Annie: Benvenuti, ragazzi! Poche settimane fa avete dato due annunci importanti: uno riguardante la vostra lineup rinnovata e un altro circa il nuovo album Ouroboros. Partirei proprio da qui: che aria tira in casa ManaM a ridosso di quello che sarà, se vogliamo, un secondo inizio della vostra carriera?
Marco Salvador: Ciao Anna, grazie per il benvenuto ed un saluto a te e ai lettori di Metallized! Innanzitutto mi presento: sono Marco, cantante e chitarrista oltre che compositore della band, e sarà un piacere rispondere alle tue domande. Sì, abbiamo lavorato molto dietro le quinte ed ora è il momento di presentare ciò che abbiamo creato: il 3 aprile uscirà il nostro secondo album, Ouroboros, e siamo tutti veramente carichi ed entusiasti per condividerlo e suonarlo dal vivo il più possibile!
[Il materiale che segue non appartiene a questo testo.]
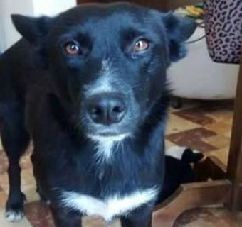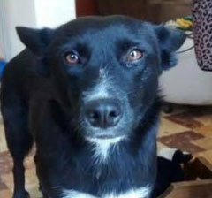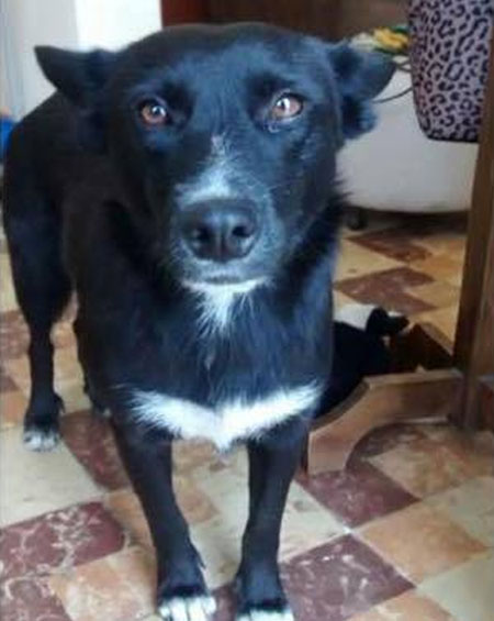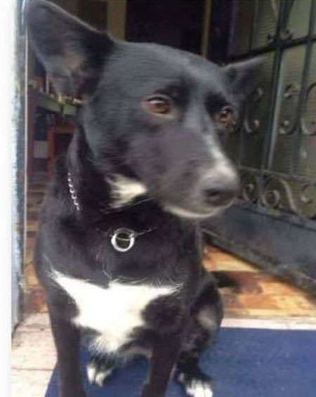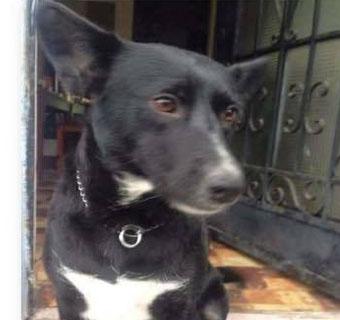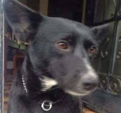 | Es negra, mediana-grande, con orejas en punta, con manchas blancas en el pecho y en la punta de sus patas. Lleva collar estilo cadena color plateado, es dócil y buena. |

Annie: Sono rimasta sorpresa nel vedere che con questa lineup rinnovata avete scelto di far leva su tre chitarre anziché due. Da cosa è nata questa esigenza e come avete sfruttato i tre strumenti in Ouroboros?
Marco Salvador: È sicuramente una scelta inusuale, nonostante grandi band come gli Iron Maiden o gli Insomnium tra i tanti l'abbiano proposta con successo. Il motivo è che durante le registrazioni di Ouroboros in quasi tutti i brani abbiamo inciso tre linee di chitarra (se non di più): abbiamo voluto spingerci oltre nell'uso delle armonizzazioni, abbiamo aggiunto un approccio quasi contrappuntistico alla composizione pur con delle chitarre elettriche, utilizzando gli strumenti orchestrali come complemento. Questo ha dato vita ad un suono meno convenzionale e più ''coraggioso'' che speriamo venga colto ed apprezzato. Inoltre, dal punto di vista live, questa opzione ci consente di creare uno show decisamente più d'impatto, sia a livello sonoro che di presenza scenica, cose sulle quali stiamo tuttora lavorando per offrire qualcosa di unico.

Annie: Tra le novità rintracciabili in Ouroboros c’è anche la collaborazione con un quartetto d’archi durante le fasi di registrazione in presa diretta. Raccontami com’è stata questa esperienza e in quali brani del prossimo album sarà enfatizzato maggiormente l’utilizzo di questi strumenti…
Marco Salvador: Sì, l'utilizzo del quartetto è senz'altro la novità maggiore del nuovo album. È un elemento che già avrei voluto inserire in Rebirth of Consciousness (il nostro primo album), ma ho preferito aspettare per poter cementare bene la band e migliorare nella fase di composizione. È stata la mia prima esperienza, perché nonostante avessi studiato orchestrazione e composizione non mi ero mai cimentato nello scriverli per un intero album e, per giunta, metal, quindi ho dovuto tenere conto di molte cose: range dello strumento, frequenze in conflitto tra il quartetto e la band, limiti tecnici dei vari strumenti e così via. Il risultato è stato il conferire un'atmosfera molto romantica ai vari brani, enfatizzando i momenti di maggior pathos emotivo e aggiungendo un tocco più elegante alla nostra musica. Vi consiglio di ascoltare la titletrack Ouroboros, Citrinitas, Rubedo ed Evenfall in particolare per farvi un'idea di come li abbiamo sfruttati.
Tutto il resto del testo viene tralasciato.